▶ EXERCISE INSTRUCTIONS: Your copy of the entries below should hold exactly the lines from the one containing "I 1872 rejstes" to the one containing "PARKBÄNKE Modell Würzburg H", inclusive, and no pictures.

▶ DATASET RECORDS:
——————

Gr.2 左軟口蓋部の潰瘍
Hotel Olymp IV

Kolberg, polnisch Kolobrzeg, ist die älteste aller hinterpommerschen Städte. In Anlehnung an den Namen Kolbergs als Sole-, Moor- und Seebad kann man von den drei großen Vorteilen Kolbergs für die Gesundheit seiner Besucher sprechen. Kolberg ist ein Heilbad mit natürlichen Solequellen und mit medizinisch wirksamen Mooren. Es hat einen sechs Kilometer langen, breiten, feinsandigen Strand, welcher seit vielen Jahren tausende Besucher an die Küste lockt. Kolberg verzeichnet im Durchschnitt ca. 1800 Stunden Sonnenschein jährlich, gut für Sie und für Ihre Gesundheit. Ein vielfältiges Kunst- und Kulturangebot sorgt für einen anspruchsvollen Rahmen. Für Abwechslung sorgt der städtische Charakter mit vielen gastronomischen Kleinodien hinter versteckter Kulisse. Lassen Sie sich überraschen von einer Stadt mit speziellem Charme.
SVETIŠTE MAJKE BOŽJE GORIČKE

——————

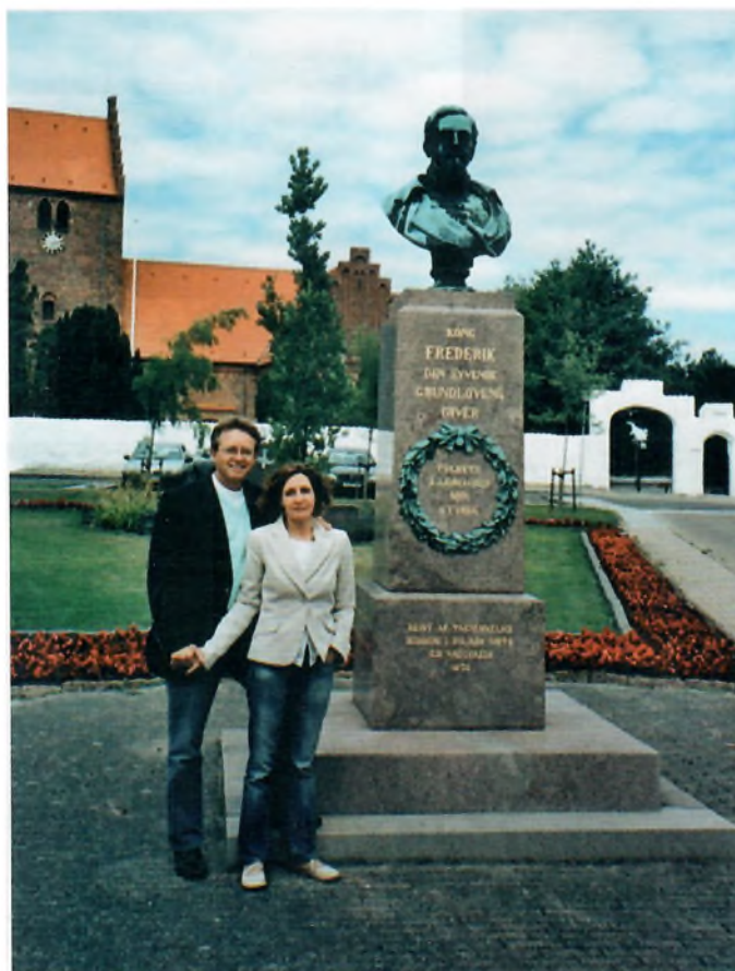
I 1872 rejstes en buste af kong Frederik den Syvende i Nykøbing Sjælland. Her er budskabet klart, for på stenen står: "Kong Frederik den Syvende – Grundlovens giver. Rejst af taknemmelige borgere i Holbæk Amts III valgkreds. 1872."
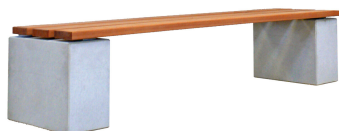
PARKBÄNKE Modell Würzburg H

——————

▶ ANSWER BOX:
I 1872 rejstes en buste af kong Frederik den Syvende i Nykøbing Sjælland. Her er budskabet klart, for på stenen står: "Kong Frederik den Syvende – Grundlovens giver. Rejst af taknemmelige borgere i Holbæk Amts III valgkreds. 1872."
PARKBÄNKE Modell Würzburg H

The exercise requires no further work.